#### [WHAT TO DO]
Output every entry exactly as written, but omit the pictures.

#### [AVAILABLE RECORDS]
╔══
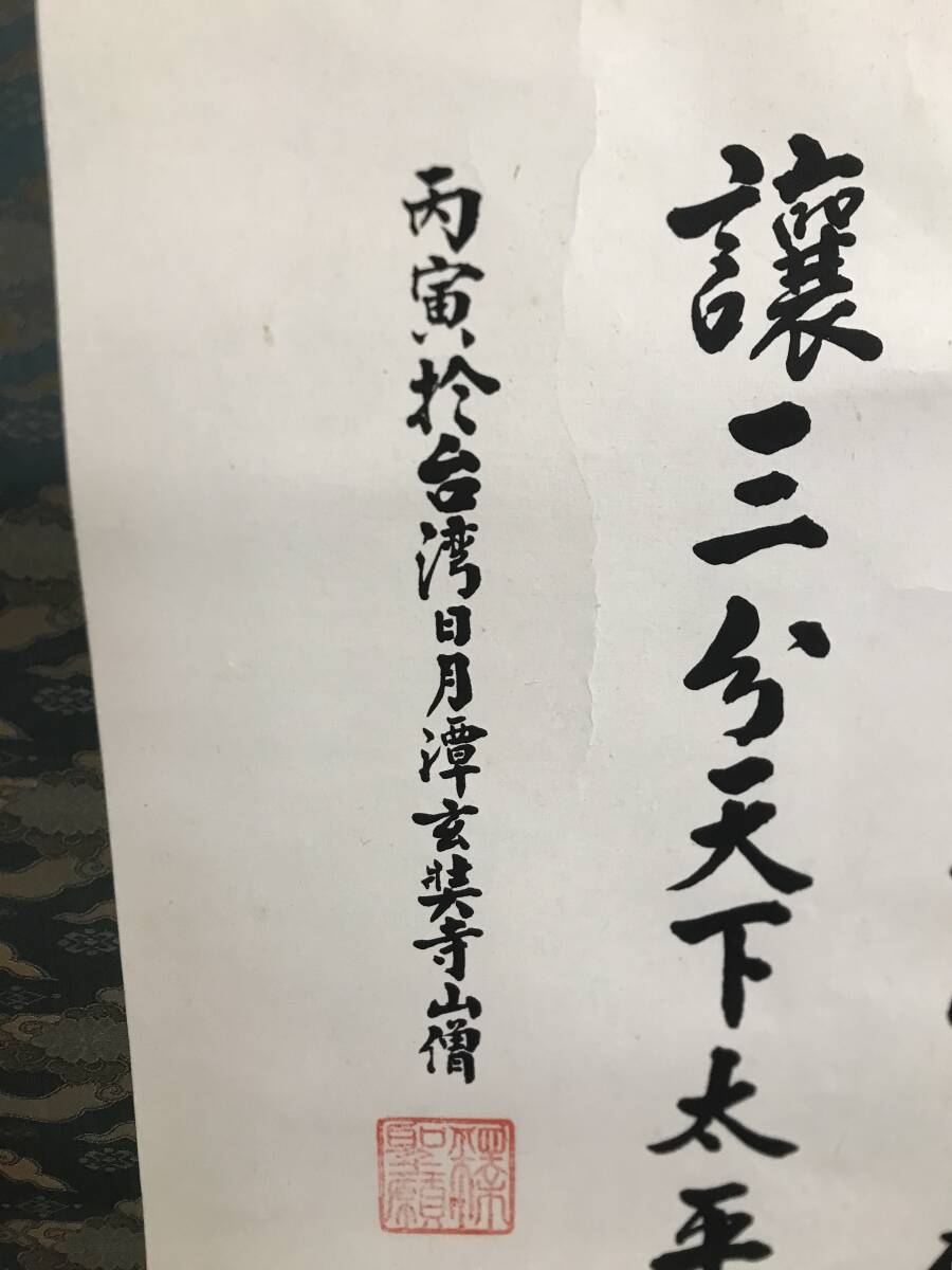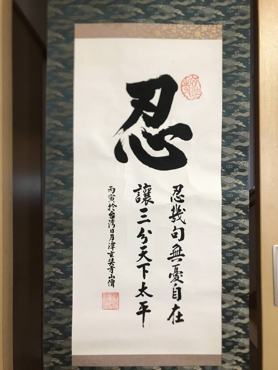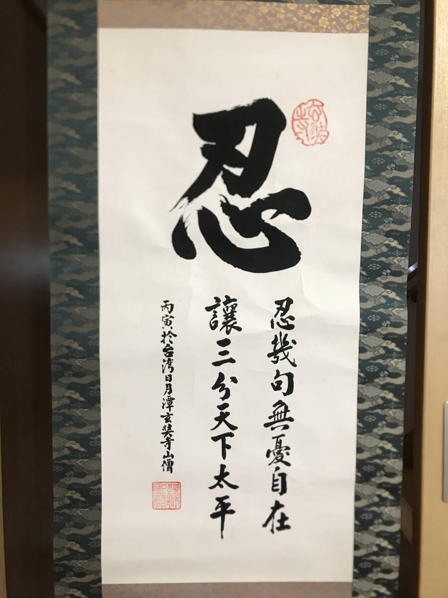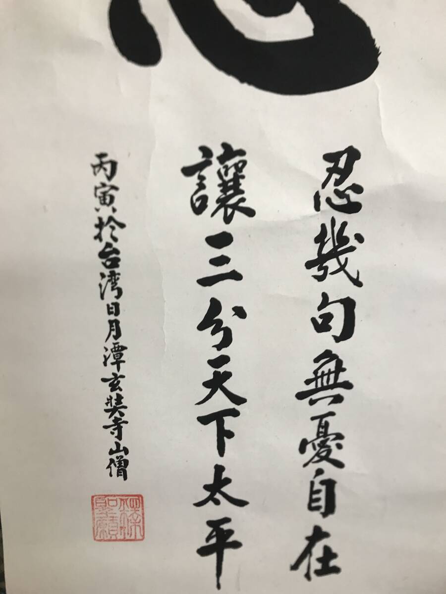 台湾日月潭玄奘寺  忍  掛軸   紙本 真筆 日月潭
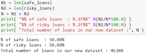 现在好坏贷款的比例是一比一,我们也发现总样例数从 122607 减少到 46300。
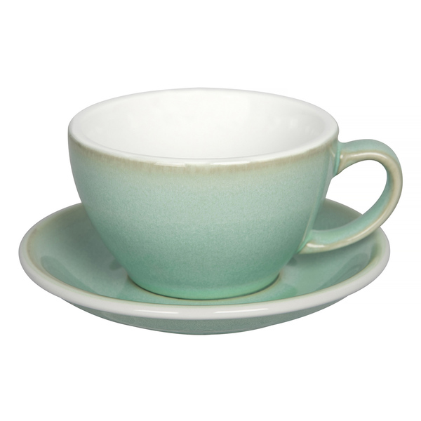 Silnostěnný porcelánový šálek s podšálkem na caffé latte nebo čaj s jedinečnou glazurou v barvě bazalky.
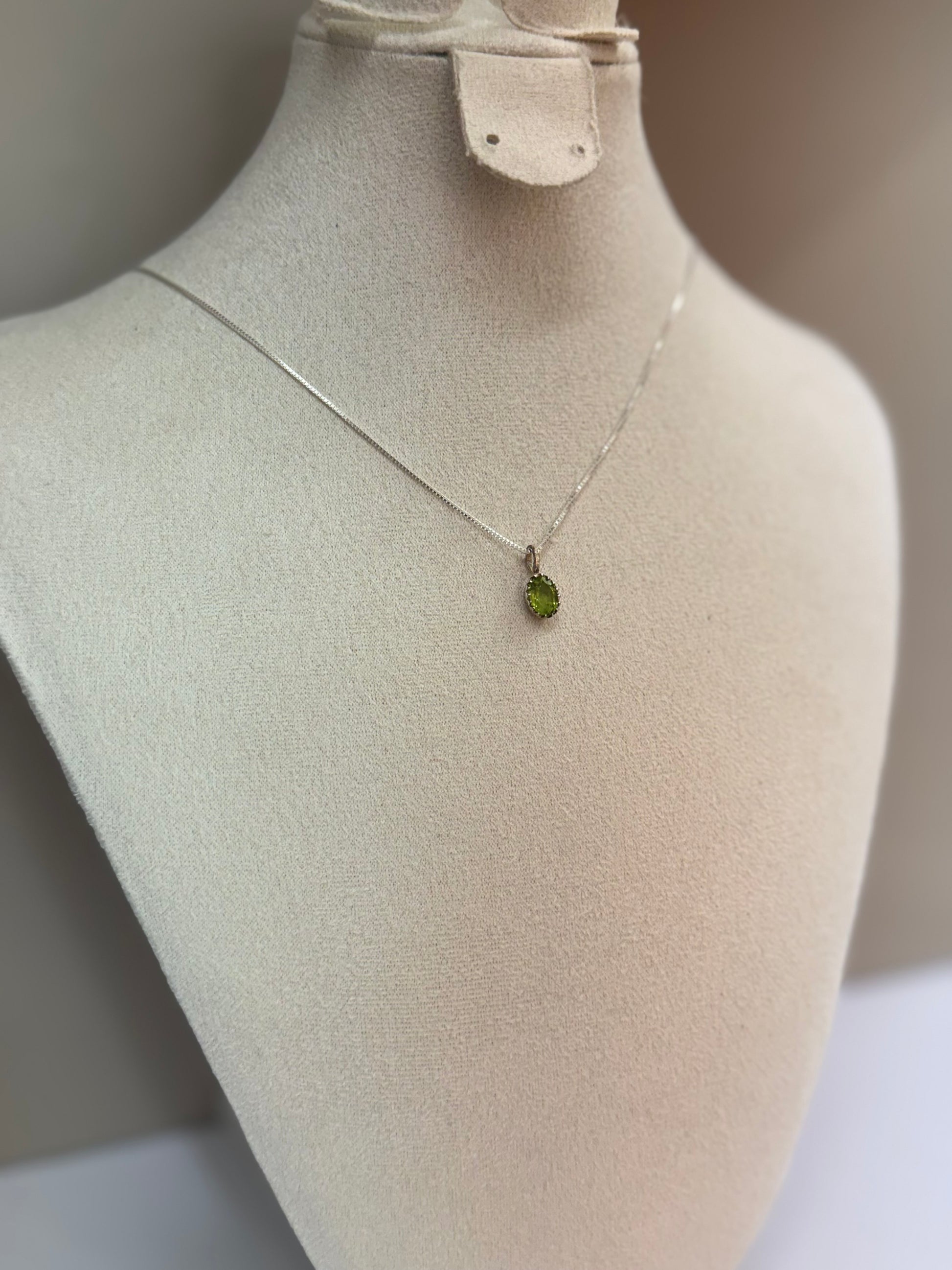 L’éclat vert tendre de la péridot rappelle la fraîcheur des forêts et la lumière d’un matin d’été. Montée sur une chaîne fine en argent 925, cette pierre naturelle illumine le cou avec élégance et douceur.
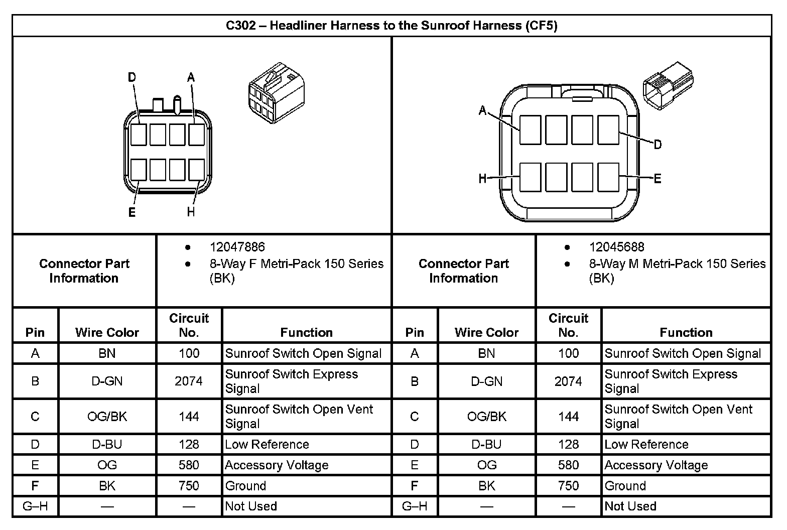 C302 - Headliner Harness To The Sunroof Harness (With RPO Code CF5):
╚══
#### [ANSWER FOR THIS EXERCISE]
 台湾日月潭玄奘寺  忍  掛軸   紙本 真筆 日月潭
 现在好坏贷款的比例是一比一,我们也发现总样例数从 122607 减少到 46300。
 Silnostěnný porcelánový šálek s podšálkem na caffé latte nebo čaj s jedinečnou glazurou v barvě bazalky.
 L’éclat vert tendre de la péridot rappelle la fraîcheur des forêts et la lumière d’un matin d’été. Montée sur une chaîne fine en argent 925, cette pierre naturelle illumine le cou avec élégance et douceur.
 C302 - Headliner Harness To The Sunroof Harness (With RPO Code CF5):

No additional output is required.